Arzneimittelversorgung von Kindern
Ergebnisse einer Studie zur praktischen Auswirkung der EU-Verordnung 1901/2006 „Better Medicines for Children“ seit ihrem Inkrafttreten im Januar 2007
Martin Hermes1, Dr. Lutz Barnscheid1, Dr. Verena Garsuch1, Dr. Petra Schoettler2, Dr. Jessica Dominguez-Hirschi2 und Prof. Dr. Jörg Breitkreutz1
Heinrich-Heine-Universität, Institut für Pharmazeutische Technologie und Biopharmazie, Düsseldorf1, und HEXAL Foundation gGmbH, Holzkirchen2
Children and adolescents, outpatients as well as inpatients, are treated worldwide with unlicensed drug formulations. The EU-regulation No. 1901/2006 was introduced to improve the situation in Europe. The aim of our study is to determine the extent of unlicensed drug use on paediatric wards in Germany shortly before the enforcement of the regulation in January 2007 and to identify first progress three years after the EU-regulation came into effect.

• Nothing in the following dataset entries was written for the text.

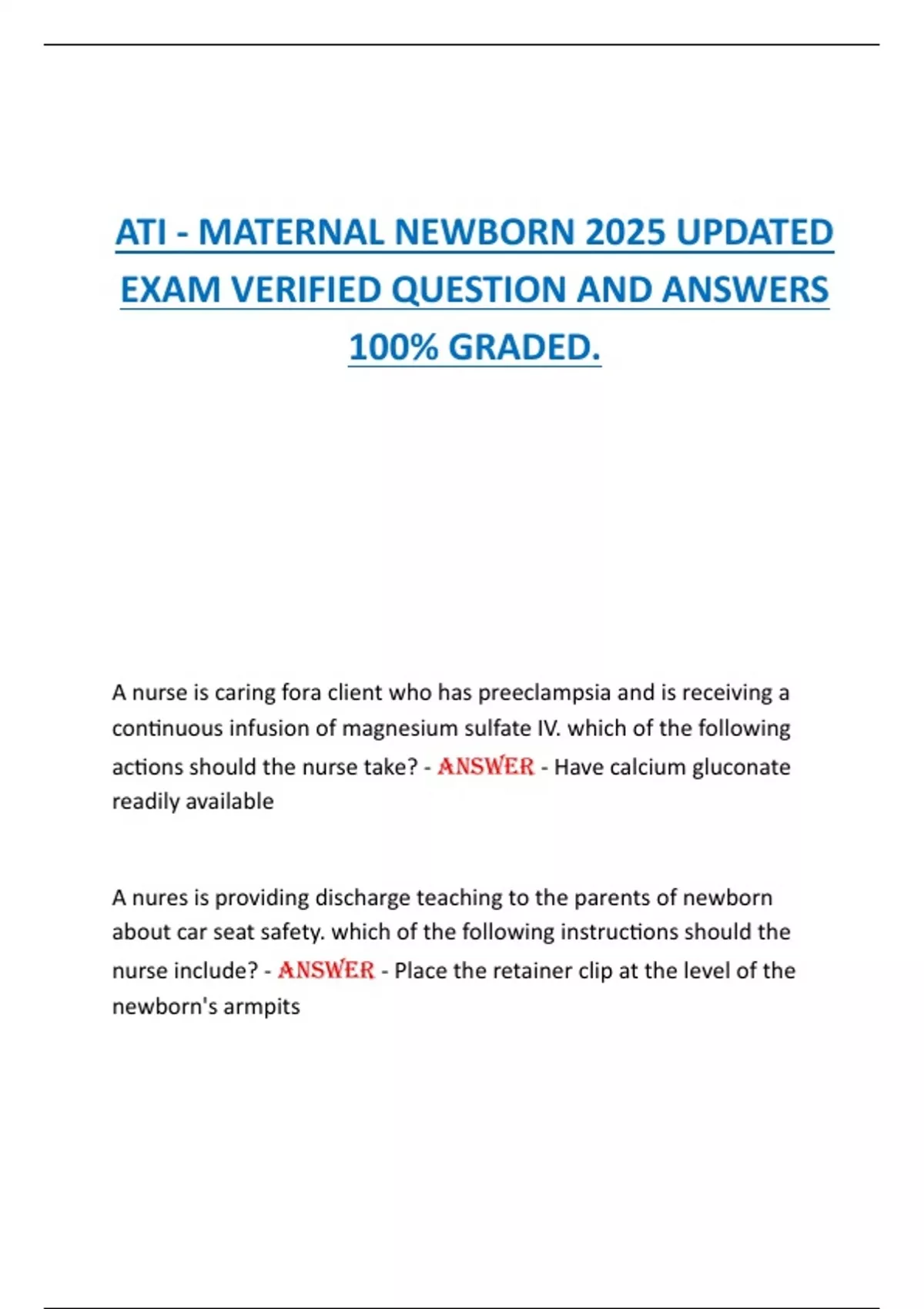 ATI - MATERNAL NEWBORN 2025 UPDATED EXAM VERIFIED QUESTION AND ANSWERS 100% GRADED.
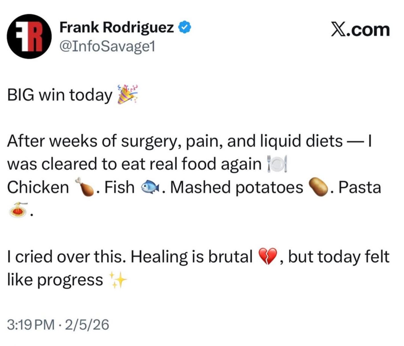 I have no idea whether Frank Rodriguez is that guy, but in his Instagram video I saw a very scared, very human young man desperate for a return to health.
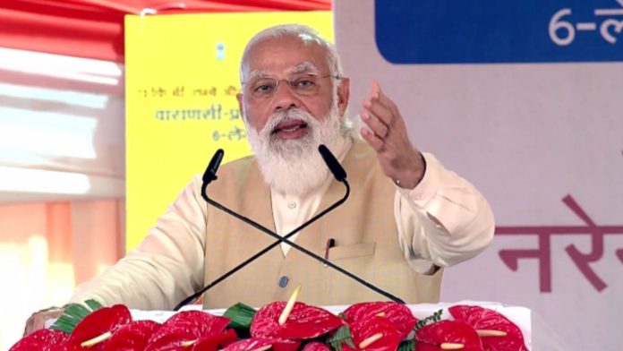 Varanasi: Prime Minister Narendra Modi inaugurates six-lane widening project of Handia (Prayagraj)-Rajatalab (Varanasi) section of National Highway 19 pic.twitter.com/vrmW0IYvGp
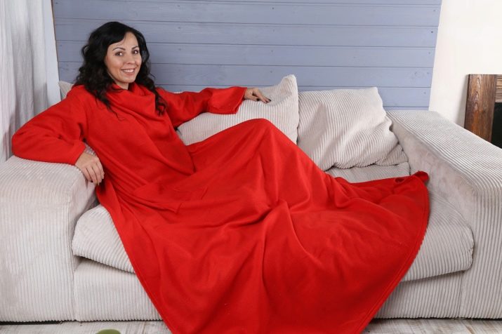 - Blanket with sleeves. Plain blanket as a gift - too boring. And the blanket, which has two necklines with sleeves, is already interesting! People with a good sense of humor can safely give such a rug, although it does not add much advantage in comparison with a regular veil. The plaid is convenient because you can not pull your hands out.

In 40 German hospital pharmacies all prescriptions of compounded drugs for paediatric patients were collected and evaluated over a period of six months. We checked the results against the “Priority- list of off-patent medicinal products for paediatric studies” and the lists of “Assessment of the paediatric needs” published by the EMA. For frequently prescribed active substances, we determined actual license status and analysed future trends using the EMA decisions on paediatric investigation plans published to date.
More than 4 800 prescriptions were analysed. For 38 % (5 of 13) of the most frequently prescribed drugs, age appropriate formulations are not available. Referred to cardiovascular drugs, this applies to 80 % (16 of 20). There is a tremendous demand for the development of age appropriate paediatric formulations of common, off-patent medicines. They present 3 % of all PIP applications. The “Priority- list of off-patent medicinal products for paediatric studies” and the lists of “Assessment of the paediatric needs” include in total 317 drug substances. For 10 % of them, EMA decisions on PIPs are published. Three years after the EU-regulation has come into force, only few applications for offpatent substances are under way to a license referred to all paediatric subsets.
Whereas authorisation of new medicinal products in the EU requires the development of paediatric formulations and clinical investigations in paediatric subpopulations, the development of new, age appropriate off-patent drugs still needs more incentives to bridge the today’s gap of paediatric medicines.